List assignment, unexpected result
Bengt Richter
bokr at oz.net
Sat Jul 13 00:57:03 EDT 2002
On Wed, 10 Jul 2002 22:33:02 +0100, "Steve Coates" <steve.coates at virgin.net> wrote:
>Thanks for the help. I think my favourite solution was
>
>grid = [['.' * 4] for i in range(4)]
>
I think you should take Dave Reed's advice and use
grid = [['.',] * 4 for i in range(4)]
though you can leave out the the comma, since ['.',] is a list, not a one-element tuple
>but I'll need to read up on the syntax. I haven't seen this
>use of a for loop before.
>
As someone pointed out, it's a list comprehension, not a for loop.

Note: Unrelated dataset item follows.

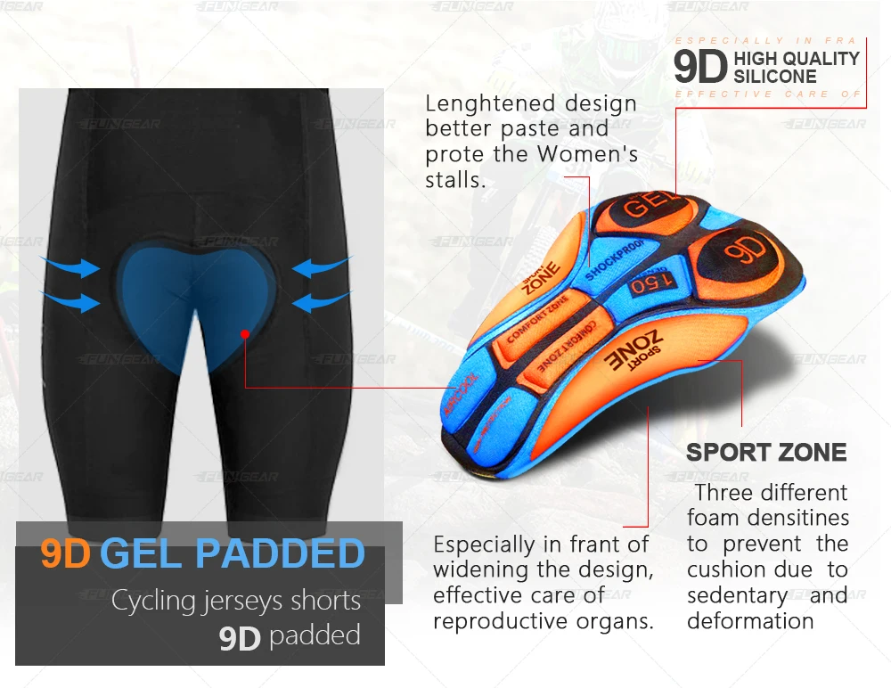 Джерси: 100% полиэстер брюки: 20% полиэстер и 80% лайкра Подкладка: бренд 9D гелевая подкладка Функция: дышащий/быстросохнущий/УФ-защита/компрессия
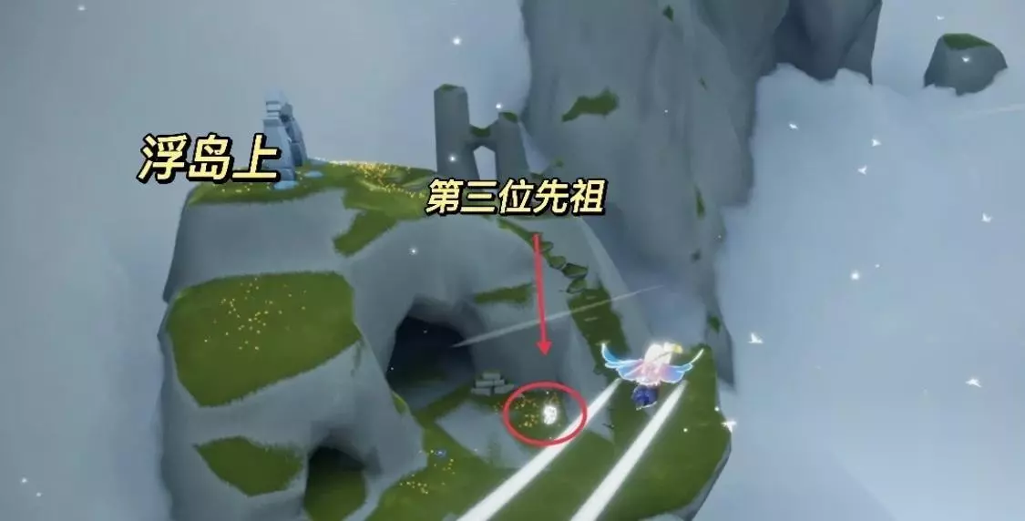 4、第四位先祖位置,在最左边的岛屿边缘,这位先祖是活跃领航员,动作是展示,收集方式为追随光影。

Your "favorite solution" is a little different from Dave's suggestion
(as you've probably found out by now):
>>> grid = [['.' * 4] for i in range(4)]
>>> grid
[['....'], ['....'], ['....'], ['....']]
>>> grid [0][0] = '0'
>>> grid
[['0'], ['....'], ['....'], ['....']]
IOW, even trivial things are worth testing ;-)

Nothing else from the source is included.